Forex, going long or short position is synonymous with every trade carried out in the forex market. This is because, in every trade, a trader is expected to go long in one position while going short in the other one. In this article, we will discuss what it means to go long and short in forex trade, and the reason/benefits a trader has to go short or go long in forex.


To go long in forex means to buy security in hopes that the asset would rise. Just like the name implies, to go long/ long positions investments are long term investments and traders that go long do not have the intention of selling the commodity any time soon.
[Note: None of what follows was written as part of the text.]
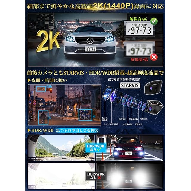 【画質NO1:2K(1440P)高解像度技術を採用するドライブレコーダー ミラー型】従来機種のフルHD(1920x1080)からさらに解像度を高め、まるでカメラで撮影したような高画質。新開発高精細1920*480(pixel)IPS液晶モニターを採用し、従来品より高品質な発色と広い視野角を両立します。高画質で大事なシーンを逃さない。●【暗視機能NO1:前後ともにSTARVIS搭載+HDR/WDR機能】明るく低ノイズで色再現性に優れる新採用のソニー製CMOSセンサーや、明暗差の大きいシーンも安定した映像で撮影できるHDR/WDR機能+業界トップクラス大口経F1.8レンズを採用で、特に夜間の白飛びや暗所つぶれを減らし、高画質を実現しています。裸眼よりも視認性が高いです。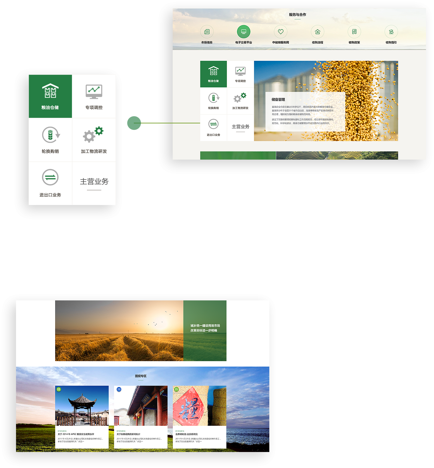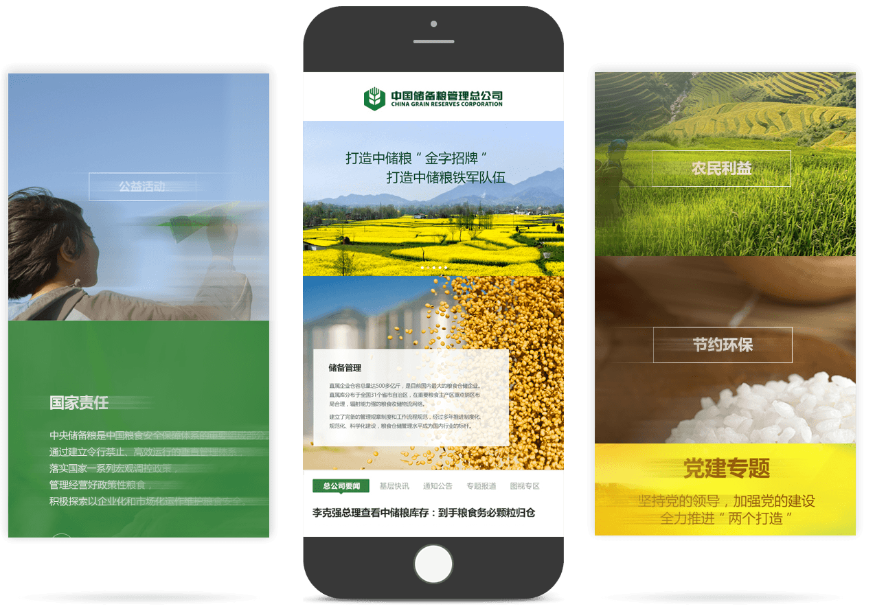 中儲(chǔ)糧官網(wǎng)采用扁平化ICON的方式,集中展示儲(chǔ)備管理、輪換購(gòu)銷(xiāo)、專(zhuān)項(xiàng)調(diào)控等多元業(yè)務(wù),在保證用戶便于閱讀的基礎(chǔ)上,通過(guò)創(chuàng)意、交互吸引用戶關(guān)注。

So, two basic things about going long in forex trade can be summarized as follows

  • A forex trader who decides to go long in forex trading can only buy a security expecting that the asset of the security would rise in future.
  • A fore trader involved in long term investment, or who goes long in forex, have no intention to sell the acquired security any time soon.


To go short in the forex market means for a forex trader to sell borrowed security in the open market in hopes that the cost of the security would decrease with time. If the cost of the security does decrease, the trader would buy back the security (at a lower price this time) and probably return them to the person she borrowed them from. For instance, if a trader borrows and trades a 100USD worth of security in a short forex position, and the value of dollar does decrease as hoped, the trader would buy back the exact amount of security for less than 100USD, and make some profit from that. Assuming dollar decreases to its barest minimum, the trader can only gain 100USD or less; but if the trade goes against the trader’s expectations, the trader can lose infinitely since there is a tendency for securities to increase infinitely in the forex market.


  1. Basically, in the forex market, to go long positions means to acquire securities, to own them; while to go short means to borrow security, to owe them. So, in long positions, securities are owned, while in short positions, securities are owed.
  2. An investor that owns, say 50 shares, is said to be long 50 shares; while an investor who owes 50 shares is said to be short 50 shares.
  3. The forex market is all about opportunities. Going long is not riskier or better that going short or vice versa. It is a matter of knowing when to apply what trading tool to make maximum profit.